The “mounting strength test.” Catasus uses his body weight to test the strength of deployment materials to ensure systems can remain operational in all conditions, including through hurricanes during the installation of the Mound House site, the newest real-time measurement station. (Credit: Adam Catasus)

Hurricanes

Historic data from hurricanes is hard to come by, but Catasus and his team might be changing that. 

“We pride ourselves in building obnoxiously strong systems that can sustain drastic flooding,” Catasus remarks. “They have to survive hurricanes–we don’t take anything out because we want to capture all the data.”

During Hurricane Ian, one system was entirely covered by approximately 4m of floodwater. Even so, “it did not miss a single data point.”

Similarly, during Hurricane Milton, sensors were once again covered by floodwater. Fearing the worst when live data stopped streaming, Catasus hoped it hadn’t been hit by debris and washed away. 

Three hours later, though, “it started streaming again […] as soon as the water got low enough, it started streaming. It captured all the data while it was underwater. These things are crazy.”

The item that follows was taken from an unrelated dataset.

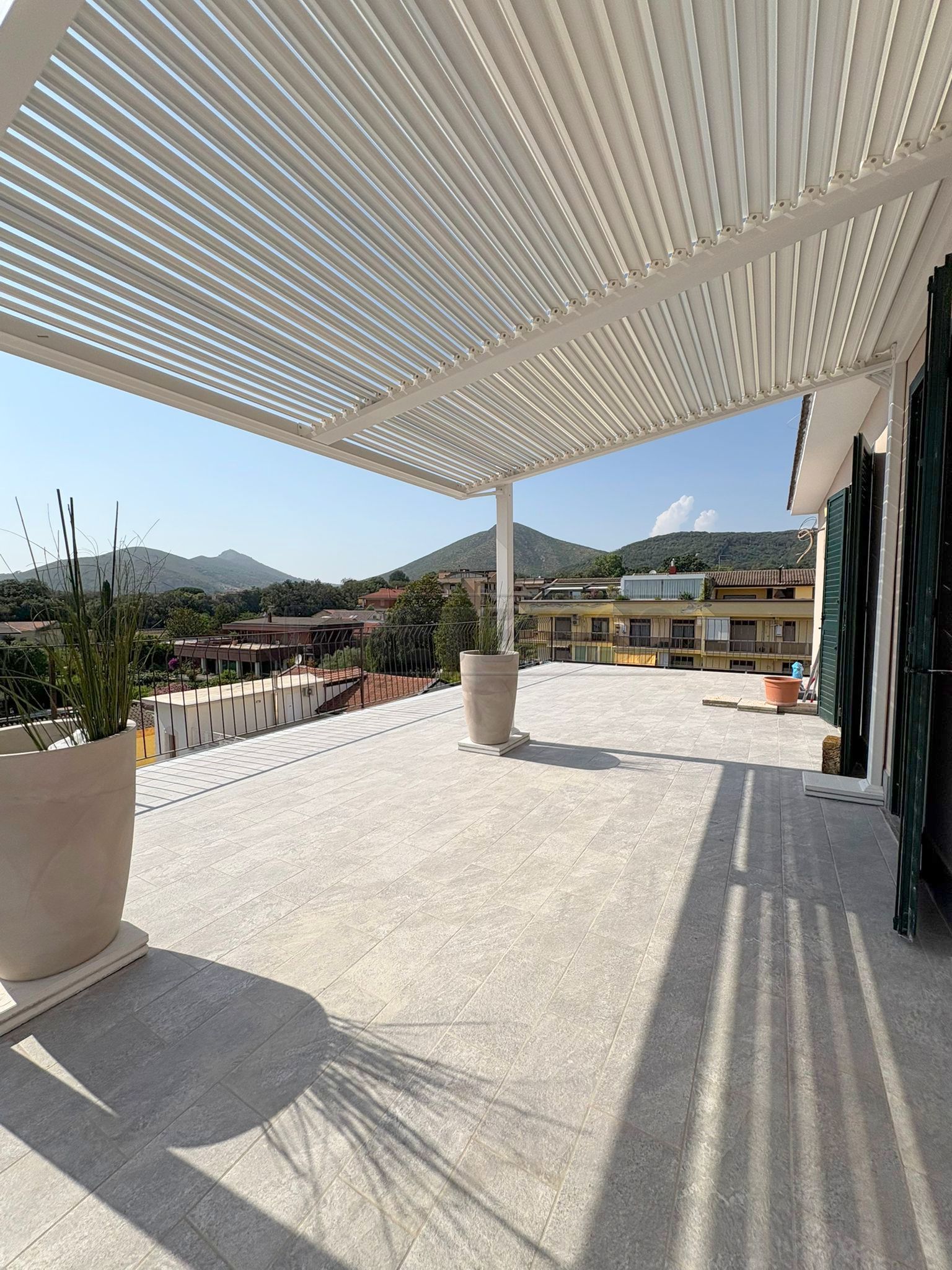 Lappartamento si distingue per il meraviglioso terrazzo panoramico di 48 mq, completo di gazebo nuovo, con vista diretta sui giardini della Reggia di Caserta e tripla esposizione Est-Sud-Ovest, che garantisce luce naturale tutto il giorno.

Data collected during extreme events is being used to support modelling. “Our data was extremely useful for this past hurricane season, looking at the flooding and what’s happening at people’s houses, because a lot of our stations are in areas where a lot of people live,” he explains.

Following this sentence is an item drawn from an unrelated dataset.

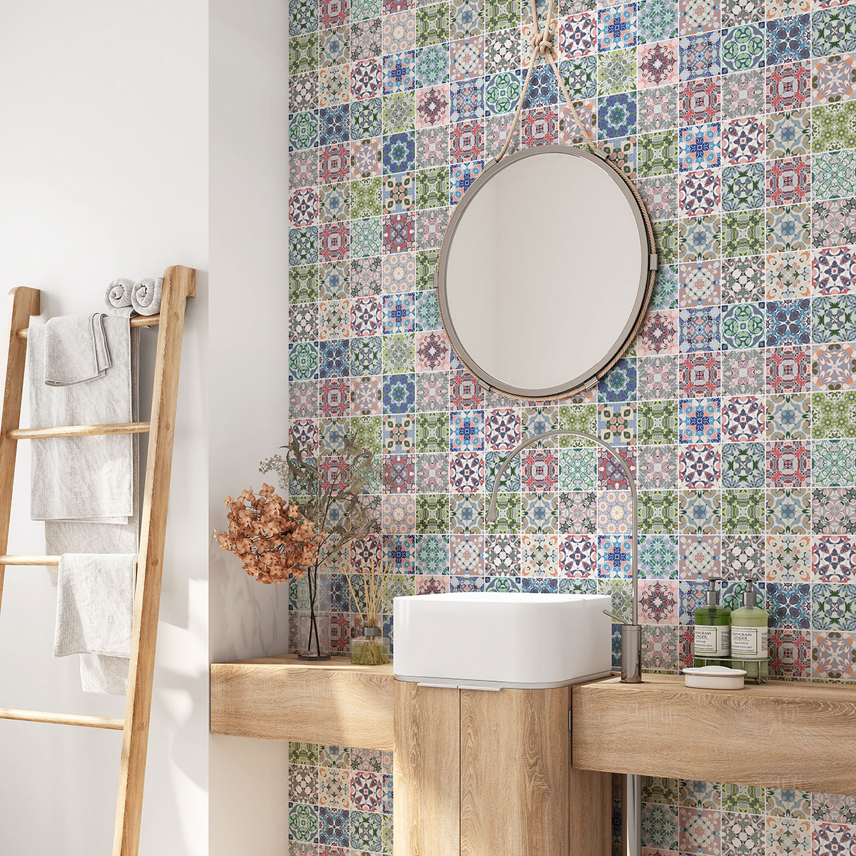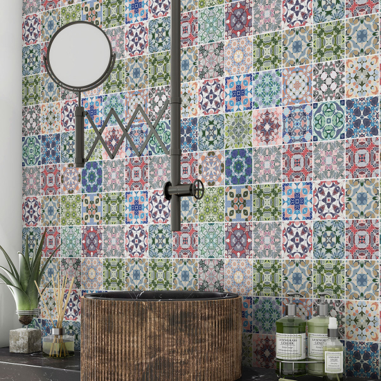 Crédence adhésive salle de bain - Motif carreaux de ciment

Water depth data from the four stations operational during hurricanes Helene and Milton, which hit Florida within a fortnight of each other, at the end of September 2024. (Credit: Adam Catasus)

The Future

There are plans to add weather stations at all five sites shortly, and ambitions to expand the network to include a sixth, more southerly monitoring station in Collier County. 

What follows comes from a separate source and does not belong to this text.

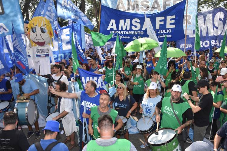 Docentes púbicos y privados se movilizaron hoy al Ministerio de Educación. Dirigentes de AMSAFE y SADOP ratificaron la medida de fuerza para la semana que viene, pese a pedido del gobierno de levantar el paro para 7 y 8 de marzo.

For Catasus, “the ultimate goal is just to keep these stations going indefinitely. And then slowly expand and build our networks, especially throughout all of southwest Florida.” 

The Florida Keys have also been noted as a future location, particularly given recent spinning fish behaviour that has been tentatively linked to HABs.

Catasus also hopes research can “move further offshore” along the shallow West Florida Shelf. By the current hypothesis, this is where Florida red tides begin–their growth jump-started by upwelling of cold, nutrient-rich water from the Gulf basin depths. 

Excited about the possible prospects of a buoy network and the data it could provide, Catasus has a number of NexSens buoys that he hopes can be deployed alongside Sofar Spotter Buoys, although he confesses he’s still working through the intricacies of “how to deploy [a buoy] 80-100 miles offshore and make sure it survives major category five hurricanes.”

Supporting Communities

Real-time forecasting of Florida red tides offers major ecological, public health, and economic benefits. However, without timely data, reliable forecasts, and rapid responses—such as  shellfish harvest closures or cleanup operations—aren’t possible.

Insights from monitoring K. brevis along Florida’s coast could also help manage HABs elsewhere.

Catasus emphasizes the role of science in supporting communities, “What’s the best way to support our local community? Answering their environmental questions, aligning with their goals, and exploring how technology can help.”